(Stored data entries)
···
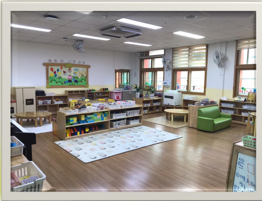
- 열매반(5세) -
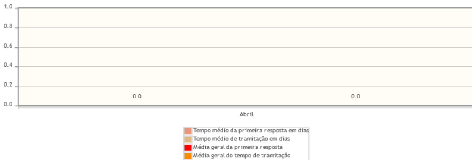
Tempo médio de tramitação por mês
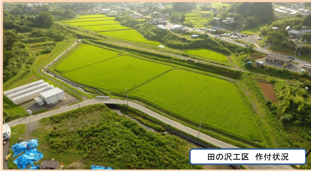
田の沢工区 作付状況
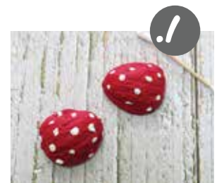
שוב צבעו את הקלפות באדם, אבל הפעם הוסיפו שפע של נקודות לבנות.
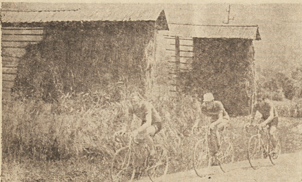
Sebenik, Zirovnik in Petrovič so dan za dnem takole vozili po dolgem in počez po Gorenski, da bi se čim bolj pripravili za amaterski Tour de France.
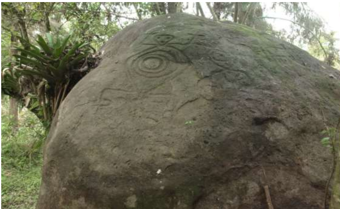
Figura 1 Roca 4 Cachipay
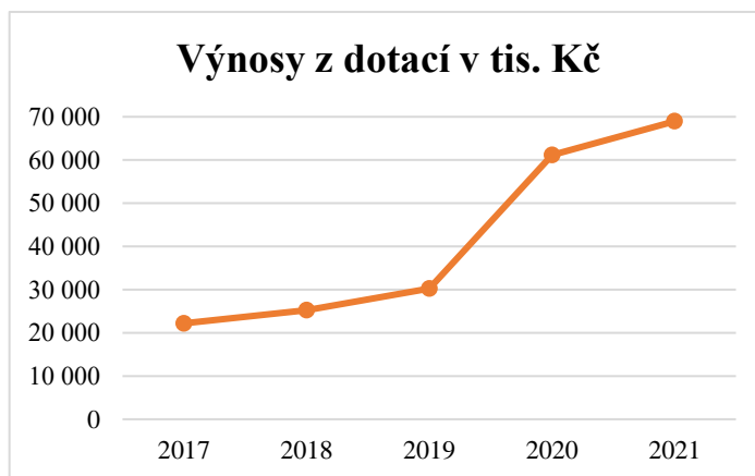
Graf č. 1: Výnosy z dotací v tis. Kč

Na vyúčtování organizace závisí dotace ze státního rozpočtu a z rozpočtu kraje. Bezesporu tyto dotace jsou využity na zaplacení části osobních nákladů. Příkladem jsou mzdové náklady, sociální a zdravotní pojištění. Dotace ze státního rozpočtu jsou poskytovány dvakrát ročně. Jednorázově je vyplacena dotace z rozpočtu kraje. Zřizovatel přiděluje dotace a příspěvky organizaci rovnoměrně celý rok. Dotacemi, kterými jsou peněžní prostředky, je pokryta část nákladů každý měsíc. Organizace ICSS zná předem hodnotu příspěvku a dotace od zřizovatele, který je dotuje celý rok. S touto výší organizace nakládá (Výroční zprávy, 2017-2021).
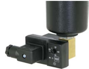
Diseño "In-line", ofreciendo fácil montaje bajo filtros
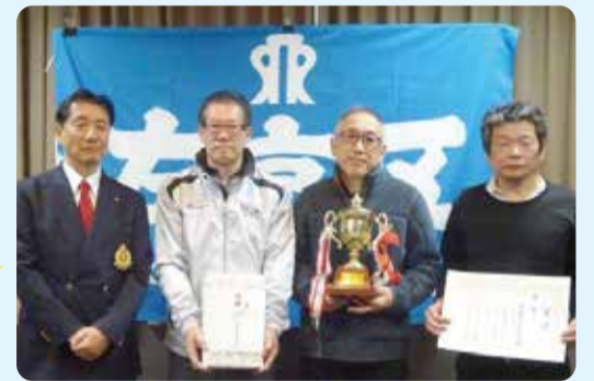
明德体育振興会チームの皆さん
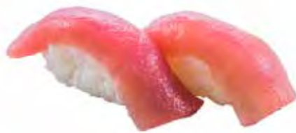
71 · MAGURO | € 4,00 Bocconcini di riso con tonno (6 pezzi)
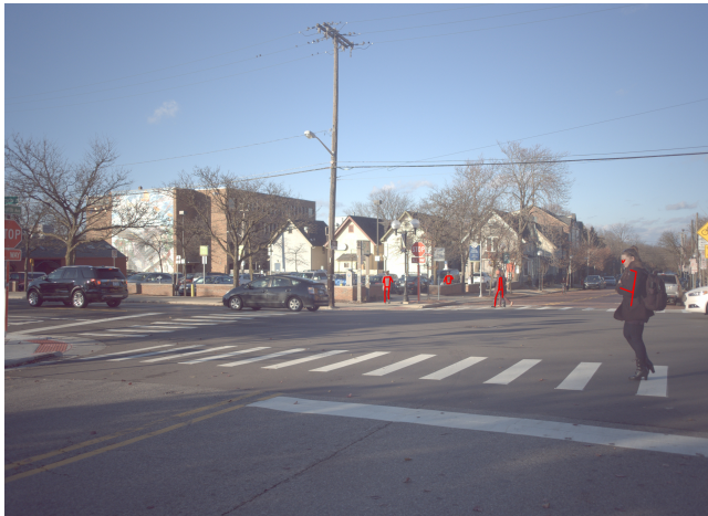
図 4: 提案手法によりアノテーション対象画像として選択した画像と、初期人物姿勢推定器による推定結果の例。
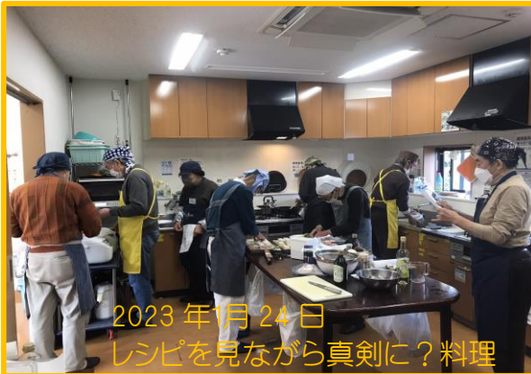
2023年1月24日 レシピを見ながら真剣に？料理
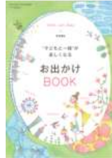
特別付録 表紙イメージ
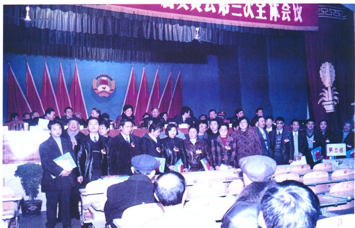
筠连县政协十一届二次全会表彰的优秀委员合影
···
— What the exercise asks —
Each entry should be output word for word, with no pictures carried over.

— Response to the exercise —
- 열매반(5세) -
Tempo médio de tramitação por mês
田の沢工区 作付状況
שוב צבעו את הקלפות באדם, אבל הפעם הוסיפו שפע של נקודות לבנות.
Sebenik, Zirovnik in Petrovič so dan za dnem takole vozili po dolgem in počez po Gorenski, da bi se čim bolj pripravili za amaterski Tour de France.
Figura 1 Roca 4 Cachipay
Graf č. 1: Výnosy z dotací v tis. Kč

Na vyúčtování organizace závisí dotace ze státního rozpočtu a z rozpočtu kraje. Bezesporu tyto dotace jsou využity na zaplacení části osobních nákladů. Příkladem jsou mzdové náklady, sociální a zdravotní pojištění. Dotace ze státního rozpočtu jsou poskytovány dvakrát ročně. Jednorázově je vyplacena dotace z rozpočtu kraje. Zřizovatel přiděluje dotace a příspěvky organizaci rovnoměrně celý rok. Dotacemi, kterými jsou peněžní prostředky, je pokryta část nákladů každý měsíc. Organizace ICSS zná předem hodnotu příspěvku a dotace od zřizovatele, který je dotuje celý rok. S touto výší organizace nakládá (Výroční zprávy, 2017-2021).
Diseño "In-line", ofreciendo fácil montaje bajo filtros
明德体育振興会チームの皆さん
71 · MAGURO | € 4,00 Bocconcini di riso con tonno (6 pezzi)
図 4: 提案手法によりアノテーション対象画像として選択した画像と、初期人物姿勢推定器による推定結果の例。
2023年1月24日 レシピを見ながら真剣に？料理
特別付録 表紙イメージ
筠连县政协十一届二次全会表彰的优秀委员合影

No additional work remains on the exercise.